Segment Start: INPUT DATA
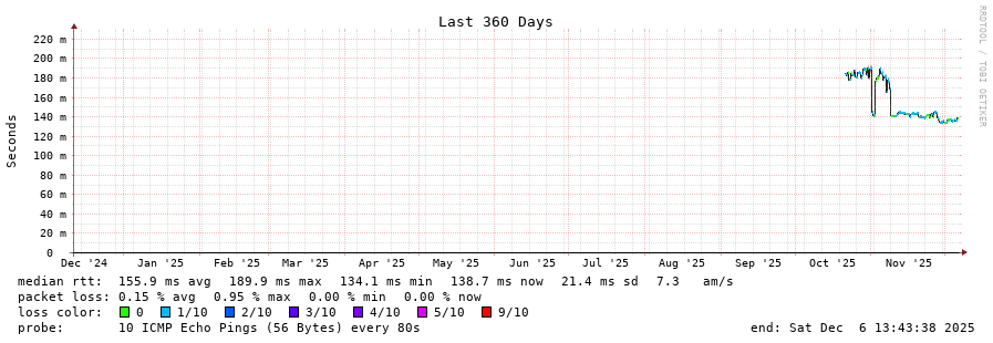 traceroute to 185.143.195.29 (185.143.195.29), 30 hops max, 60 byte packets - Generated at 2025-12-06 13:30:01
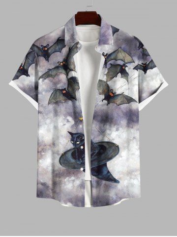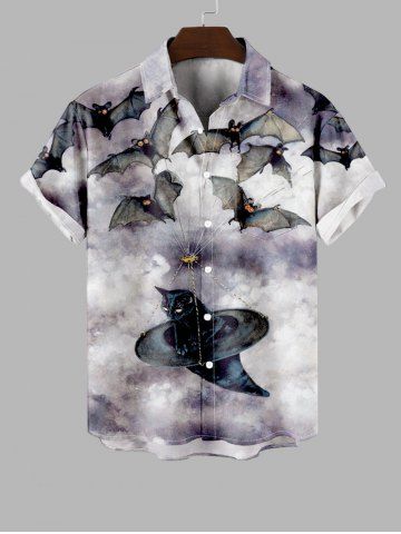 Homme> Chemise D'Halloween Chat et Chauve-souris Imprimés avec Poche de Grande Taille
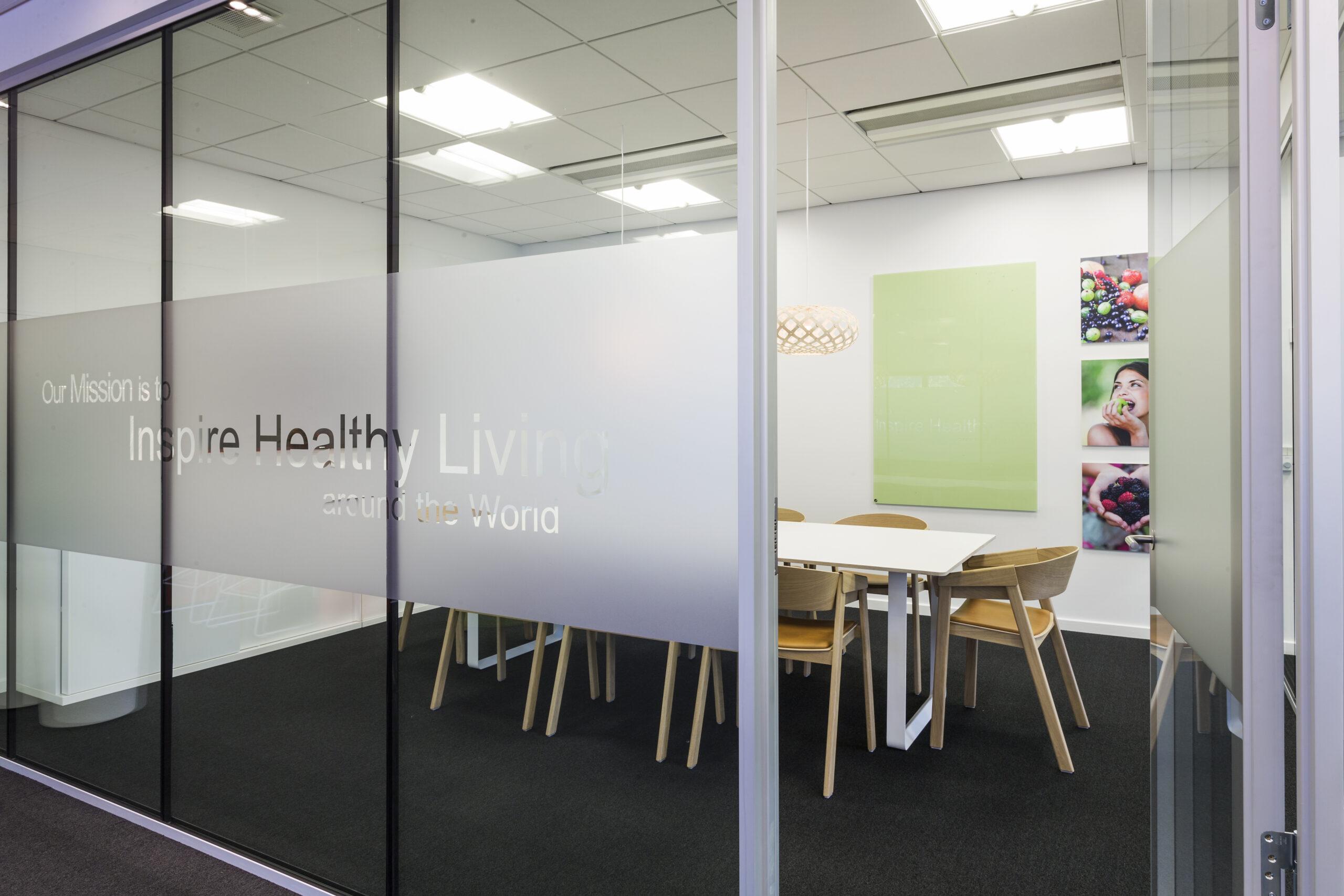 Ovenstående eksempel er fra en kunde jeg for nyligt arbejde for. Her var min opgave, at redesigne deres mødelokaler, så de fremstod professionelle, når de fik kunder på besøg. At indrette kontorer, kræver at man sætter sig ind i firmaets principper, således at man kan skabe et design, som går i et med deres udtryk. Healthy Living, som jeg her arbejde for, havde naturligvis en stil, som lagde vægt på mental og fysisk sundhed. Derfor valgte jeg et design med blide, rolige og lyse farver, til at underbygge deres passion. Lyset skulle være naturligt, hvorfor det både blev oplyst af blide loftlamper.
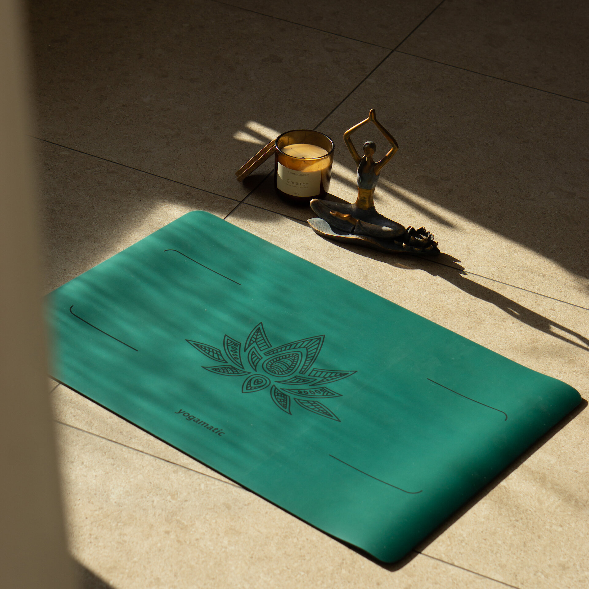 Спортивный тренировочный коврик, Hamsa Yoga, Для йоги и фитнеса с покрытием TPE+TC, Гимнастический инвентарь для фитнеса, Размер 183х61х0.6 см.
Segment End: INPUT DATA
:: TASK BRIEF ::
Your task is to restate word for word the lines from the line holding "Ovenstående eksempel er" through the final line of the listing, both included, but none of the pictures.

:: WRITTEN ANSWER ::
 Ovenstående eksempel er fra en kunde jeg for nyligt arbejde for. Her var min opgave, at redesigne deres mødelokaler, så de fremstod professionelle, når de fik kunder på besøg. At indrette kontorer, kræver at man sætter sig ind i firmaets principper, således at man kan skabe et design, som går i et med deres udtryk. Healthy Living, som jeg her arbejde for, havde naturligvis en stil, som lagde vægt på mental og fysisk sundhed. Derfor valgte jeg et design med blide, rolige og lyse farver, til at underbygge deres passion. Lyset skulle være naturligt, hvorfor det både blev oplyst af blide loftlamper.
 Спортивный тренировочный коврик, Hamsa Yoga, Для йоги и фитнеса с покрытием TPE+TC, Гимнастический инвентарь для фитнеса, Размер 183х61х0.6 см.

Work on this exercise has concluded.